Collected material

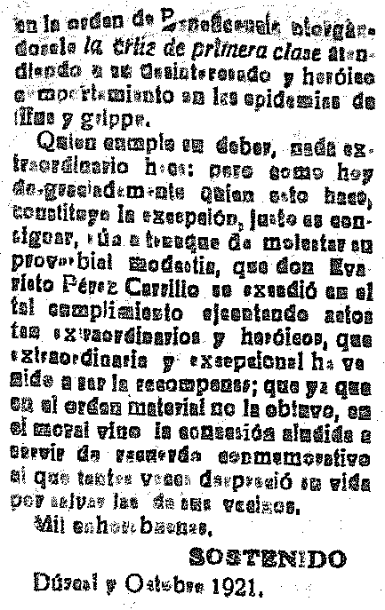 Pérez ha sido recompensado por su actitud en las epidemias de tifus y gripe
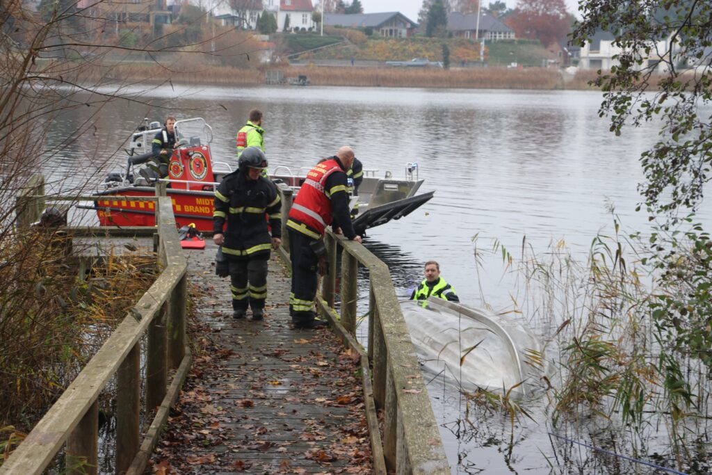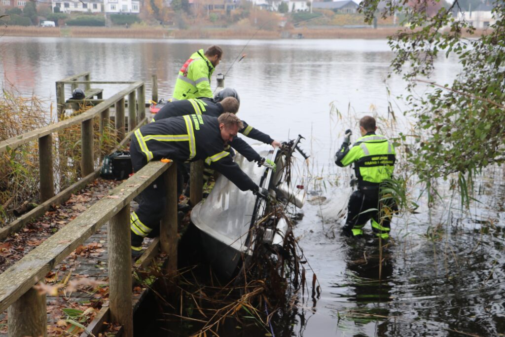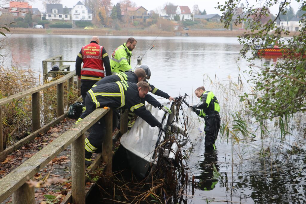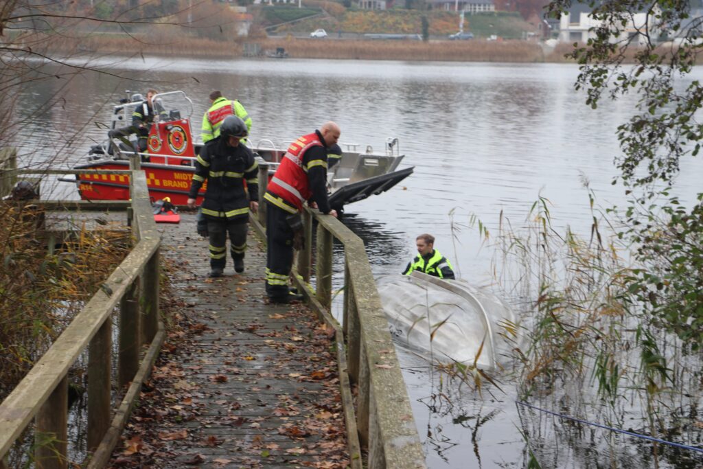 Derfor rykkede Brand & Redning massivt ud til stedet, hvor en båd nu er ved at blive bugseret ind på land. Båden vender på hovedet.
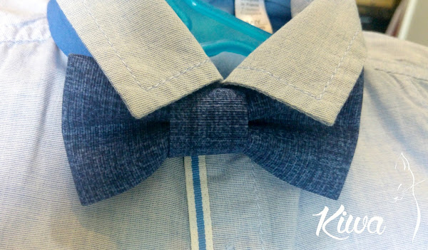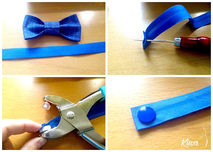 Solo falta la tira de biés para ajustar al cuello. La introducimos en la pajarita, doblamos un extremo y colocamos el snap macho. Para colocar el snap hembra recomiendo colocar la pajarita al niño para dar con la medida adecuada. Dobla el extremo del biés para que el snap no esté colocado en una sola capa de tela, además así el extremo queda limpio y no deshilachará.

What is being asked
The whole listing above is to be printed again exactly; pictures stay out of it.

Result of this task
 Pérez ha sido recompensado por su actitud en las epidemias de tifus y gripe
 Derfor rykkede Brand & Redning massivt ud til stedet, hvor en båd nu er ved at blive bugseret ind på land. Båden vender på hovedet.
 Solo falta la tira de biés para ajustar al cuello. La introducimos en la pajarita, doblamos un extremo y colocamos el snap macho. Para colocar el snap hembra recomiendo colocar la pajarita al niño para dar con la medida adecuada. Dobla el extremo del biés para que el snap no esté colocado en una sola capa de tela, además así el extremo queda limpio y no deshilachará.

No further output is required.